Вопреки сложившемуся в последние годы стереотипу – снег под Новый год обязательно тает, хлещет дождь, под ногами хлюпает мерзкая грязная «слякость» (словечко Фиминого изобретения, скрестив слякоть и мерзость, получен результат не в бровь, а в глаз), погода передумала выделываться и порадовала настоящей праздничной зимней ночью. Мягкий морозец, безветрие, звезды четкие, ясные, махровые играют на глубоком черном бархате небосклона переливами каменьев драгоценных. Иней покрывает ветки деревьев картинно, будто на импортных рождественских открытках, серебрит провода, посверкивает на крышах отдыхающих на стоянке у дома машин.

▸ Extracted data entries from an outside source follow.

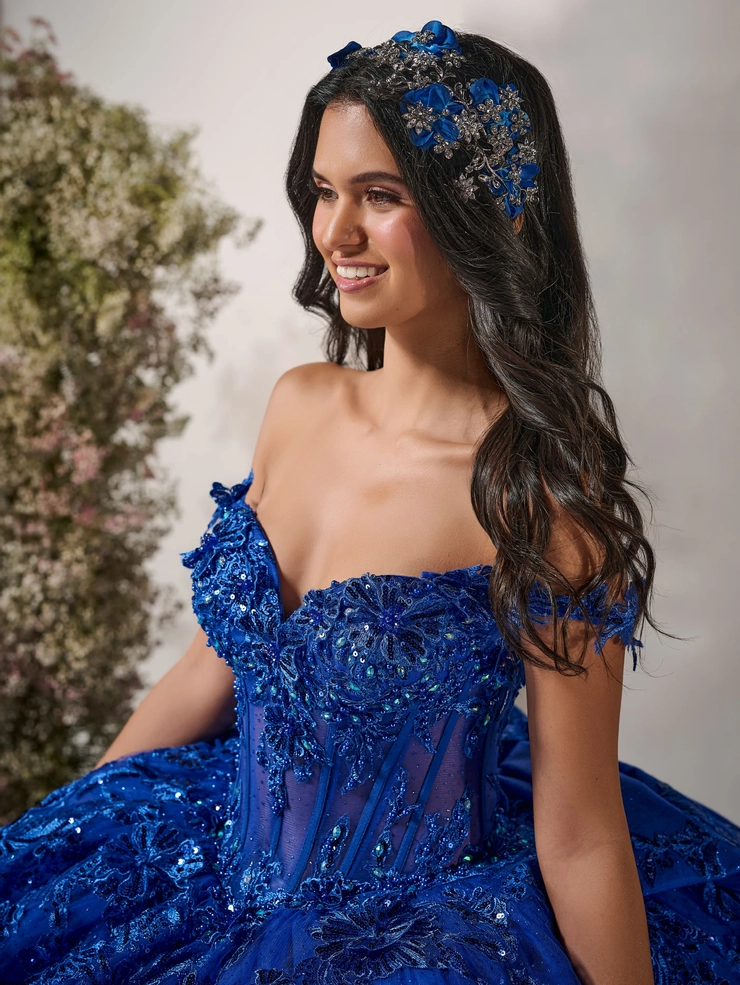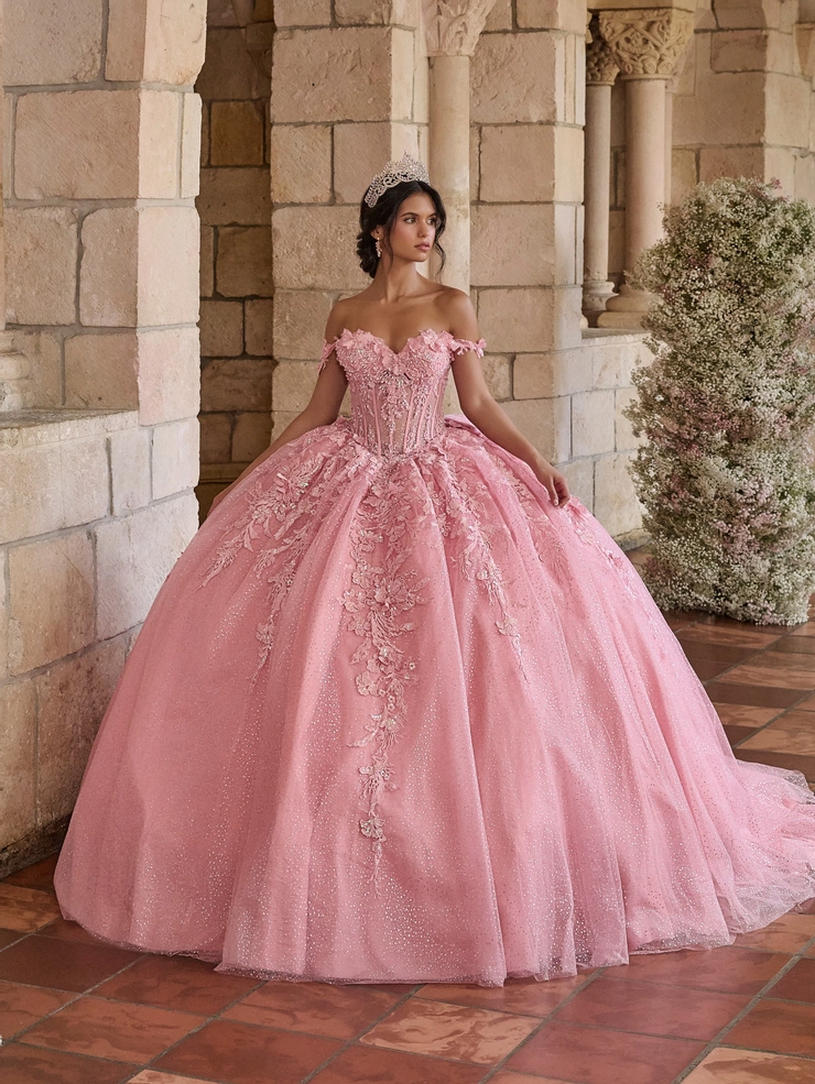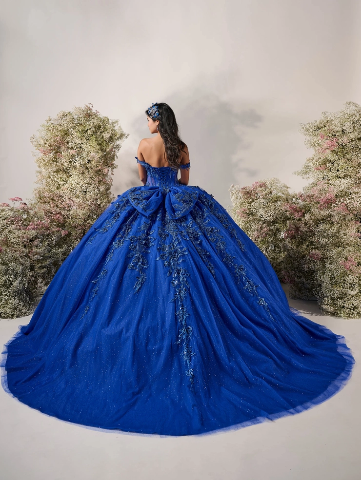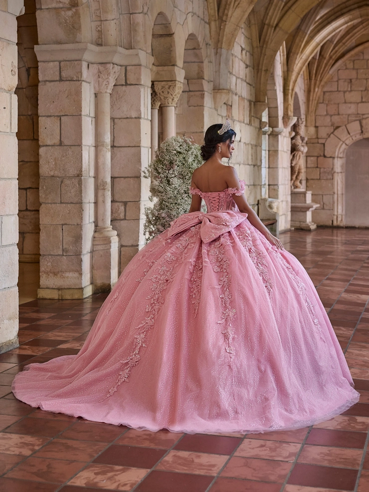 A dazzling ball gown featuring an off-the-shoulder sweetheart neckline, a structured corset bodice adorned with intricate floral appliqués, and an oversized detachable bow for added drama. The voluminous sparkle tulle skirt shimmers with every step, creating an unforgettable fairytale look fit for royalty. Sparkle Tulle/Tulle
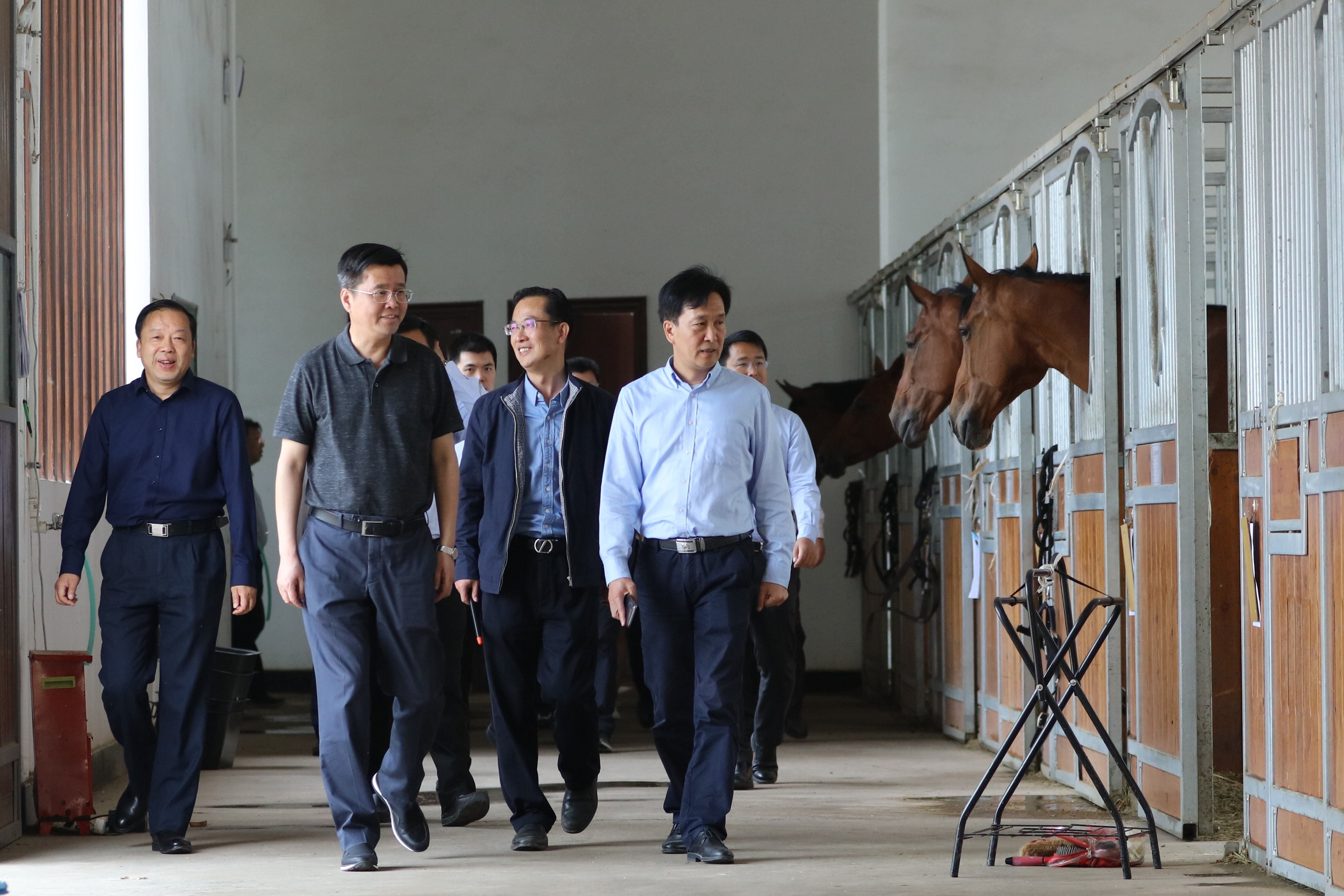 陈邂馨一行先来到公司体育馆,王清华为其介绍了体育馆的整体改造情况、功能布局及智能化系统。陈邂馨步入改造后用于击剑项目的场地,实地查看改造情况,并了解场馆验收后目前的维护工作。在游泳馆中,孙步月为陈邂馨介绍了新建游泳馆中的“黑科技”,仿水波纹幕墙系统、仿装饰空间吸声系统到全天候恒温游泳池,陈邂馨在听完介绍后,还仔细询问相关配套设施是否完善。在驭马体育公园中,张石在马房里向陈邂馨介绍军运会比赛用马的基本情况,并向陈邂馨展示公司在近期新搭建的标准化临时马房。陈邂馨一行还前往马术障碍赛场地,查看马匹训练及场地铺设情况。
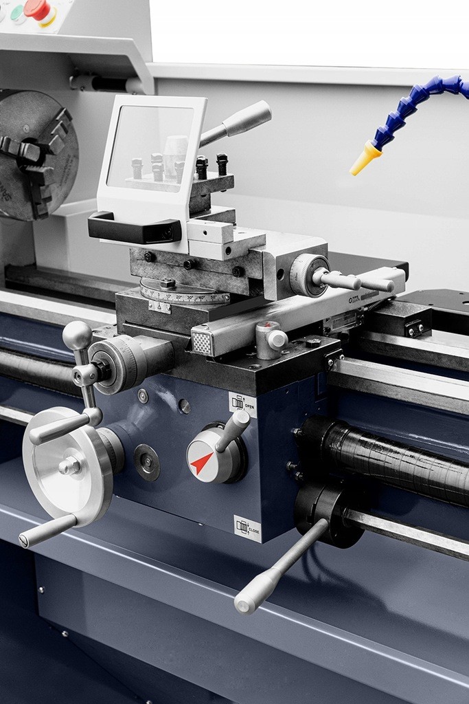 Digitální odečet ve dvou osách podélného a příčného pohybu suportu. Zpracovaný elektronický signál z optických pravítek vizualizuje získané hodnoty z pohybů podél os na digitální obrazovce.- Indukční motor (konstantní otáčky) 1,1 kW/400 V pohon s vysokým výkonem a vysokým točivým momentem, optimálně vhodný pro obrábění oceli a neželezných materiálů.
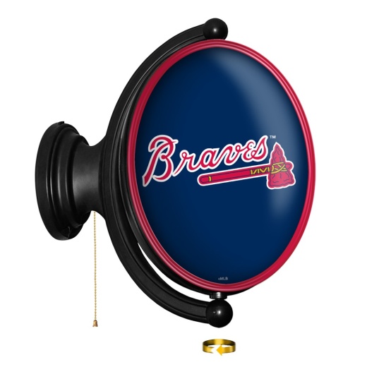The Original Atlanta Braves Rotating Lighted Wall Sign both lights up and spins while allowing you to display your passion for the Braves. Whether its your fan cave, office, game room, or garage, this decorative sign is the perfect addition to any wall. It showcases the latest in LED technology and only uses 12 watts of power. Injection molded, it comes with an 8-foot power cord and a metal pull chain. Mounting hardware included and installation takes no more than 10 minutes. This is an officially licensed product of the Braves and made in the USA.
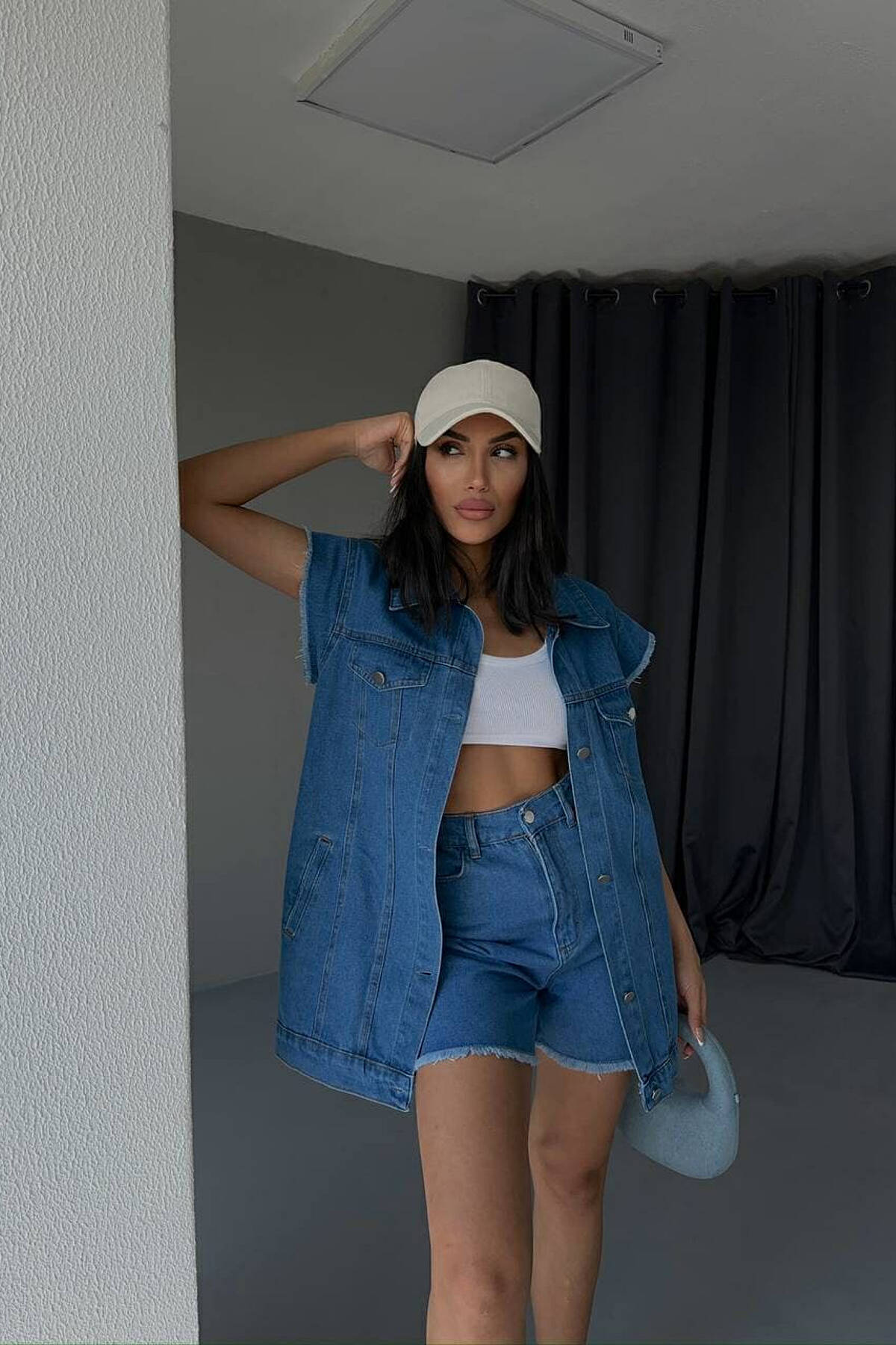 CROPPED JACKET+TANK TOP+TROUSERS 3 PIECE WOMEN SET BLUE/BLU
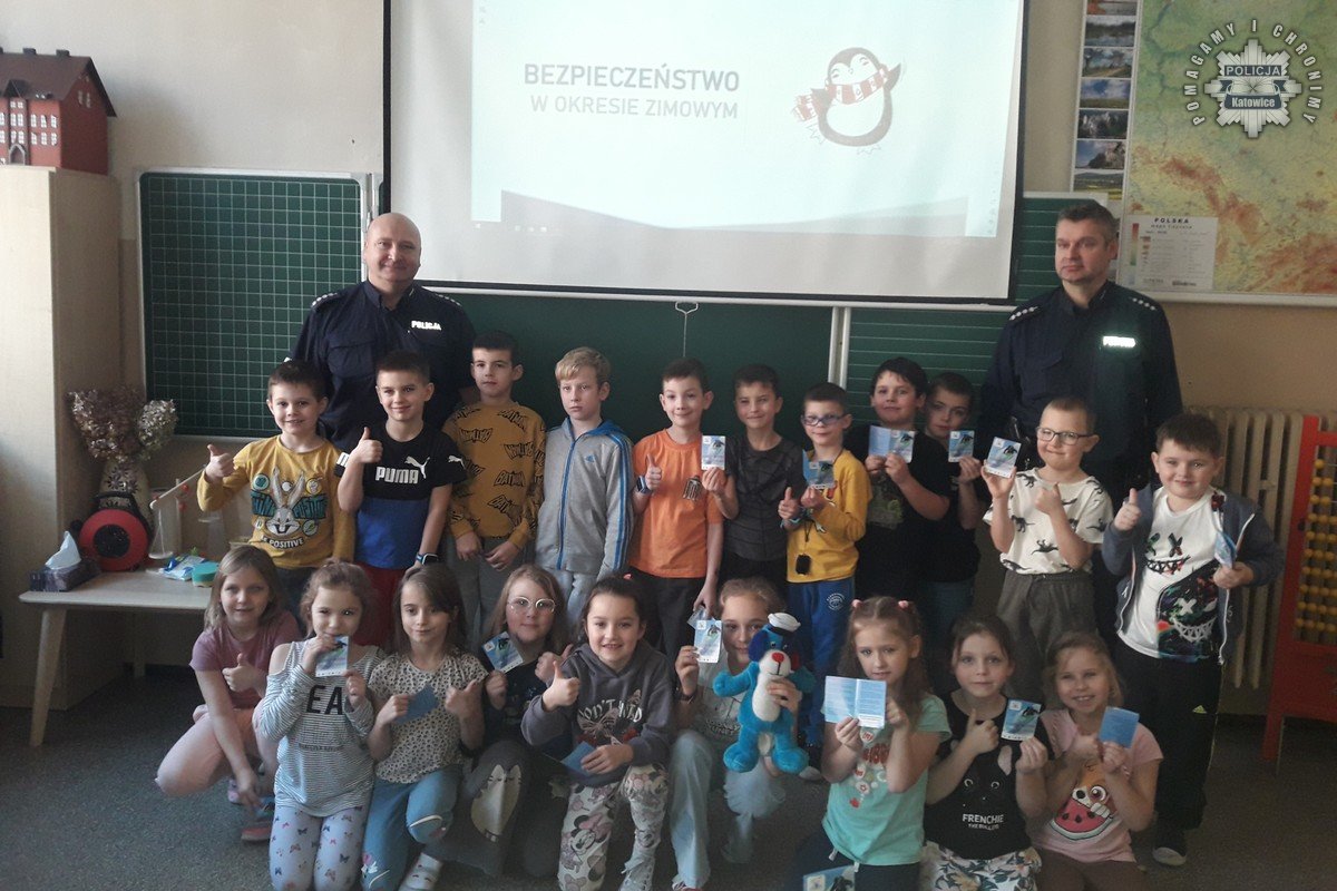 Dzielnicowi Komisariatu Policji V w Katowicach spotkali się z uczniami Szkoły Podstawowej nr 44, aby porozmawiać o bezpieczeństwie na stoku oraz zasadach obowiązujących podczas zbliżających się ferii zimowych. Policjanci przypomnieli również podstawowe reguły dotyczące bezpiecznego poruszania się po drodze.
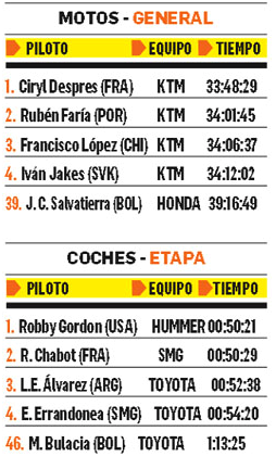 Destacado. Acabó 13.° en la undécima etapa, su mejor ubicación desde que corre esta prueba. Evo dice que Bolivia ‘está cerca’ de ser parte del Dakar 2014.
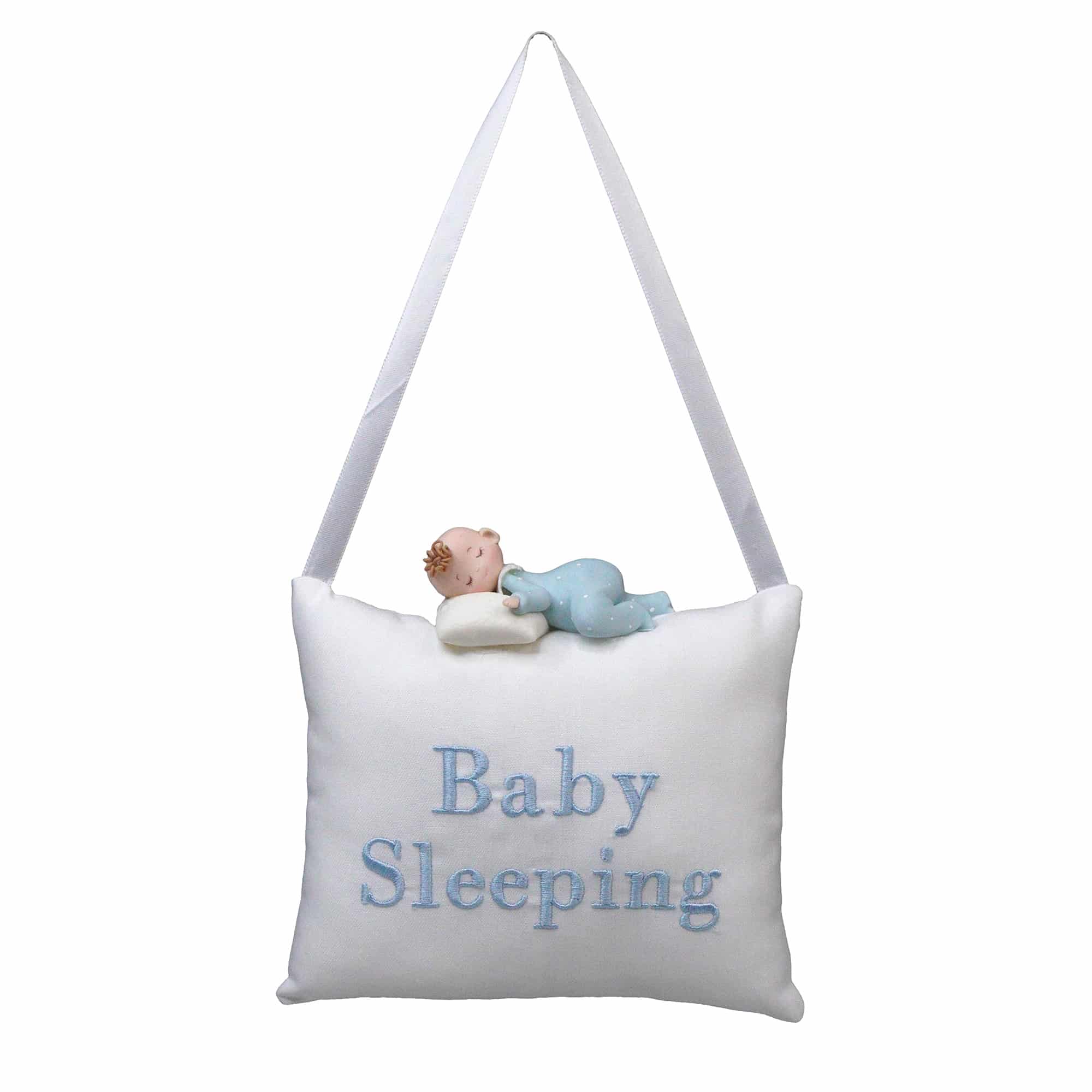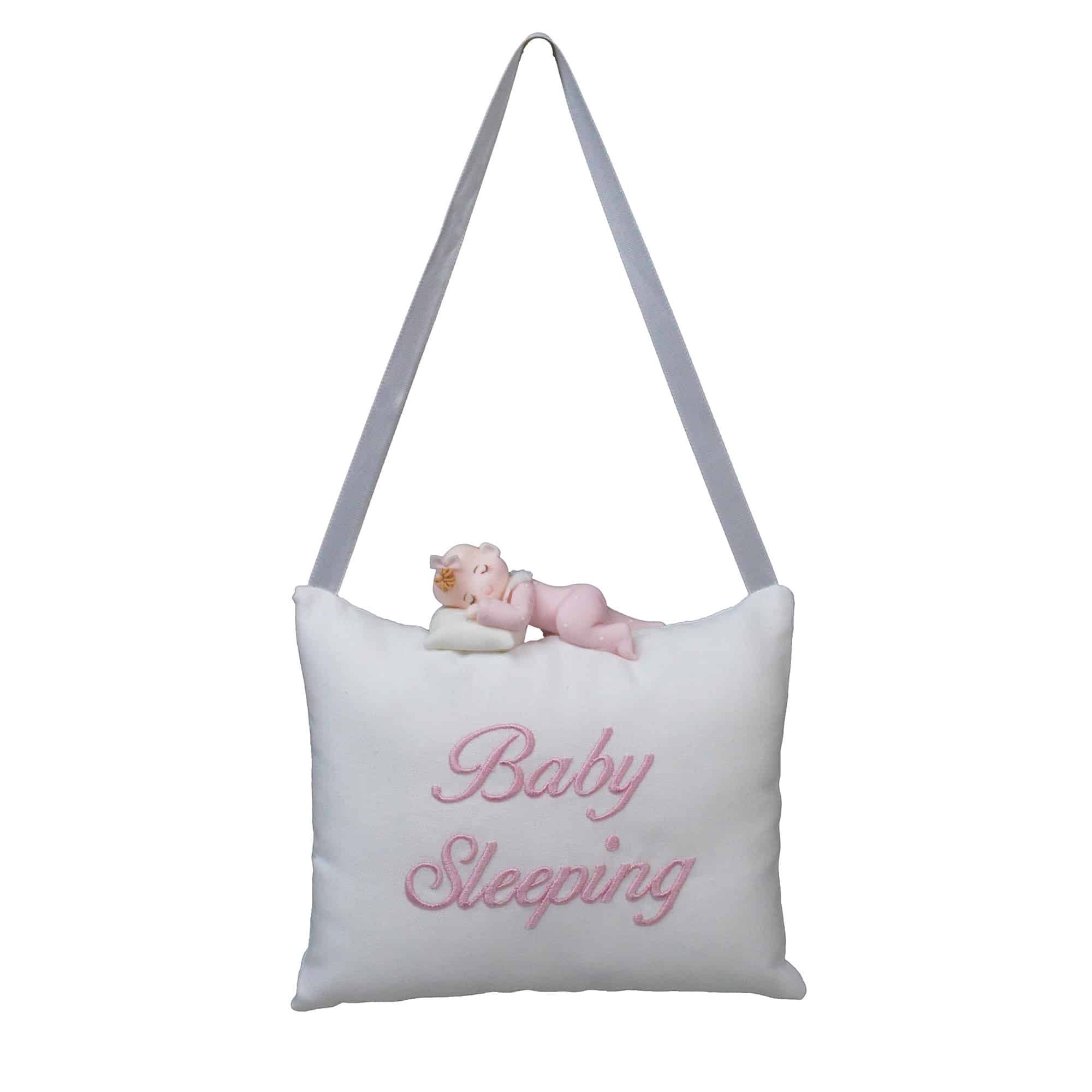 This adorable hanging pillow sign is the perfect way to let everyone know that your baby is sleeping. The soft, white pillow is embroidered with the sweet saying “Baby Sleeping” and features a cute little sleeping baby sitting on top. It measures approximately 6″ x 5″ and when hung, it is approximately 11″ long.

- Мороз к утру разгуляется, - кивнув на звезды, заметил Сергей, - чудо, а не ночь! Поедем, красотка, кататься? Рашэн джип к вашим услугам!
Он попинал переднее колесо «Нивы» движением заправского «чайника», желающего показать, что не «первый год замужем».
- Капот не открывай, - остерегла мужа от дальнейшей игры Ирина, - верю, верю! Руки примерзнут, отдирать больно будет. Я в детстве замок лизнула на даче, сосед пошутил, сказал – сахарный. Непередаваемые ощущения!
- Верю, верю, – в тон ей провозгласил Сергей, - сам ловился на эту приманку!
- Все-таки к Габре?
Ирина наблюдала: отомкнул замок, уселся за руль, включил печку, приоткрыл дверь, приглашая ее к соучастию в ночном катании по городу.
- Едем на дачу! - тоном главнокомандующего заявил Сергей, - К Эдьке мы успеем. Да и что нас ждет – стол, водка, танцы-шманцы-обжиманцы.
- То ли дело – влететь в придорожный сугроб или заглохнуть посреди заснеженного поля. Романтика! – «нахваливала» Ирина затею мужа, - Пожалуй, выпили маловато для подвигов, может быть, вернемся и восполним?
- О, женщины, вам имя – вероломство! – бросив протирать запотевшее стекло, воздел руки горе Сергей, - Что за неверие в мои недюжинные силы? Да я прирожденный гонщик! А машина – зверь!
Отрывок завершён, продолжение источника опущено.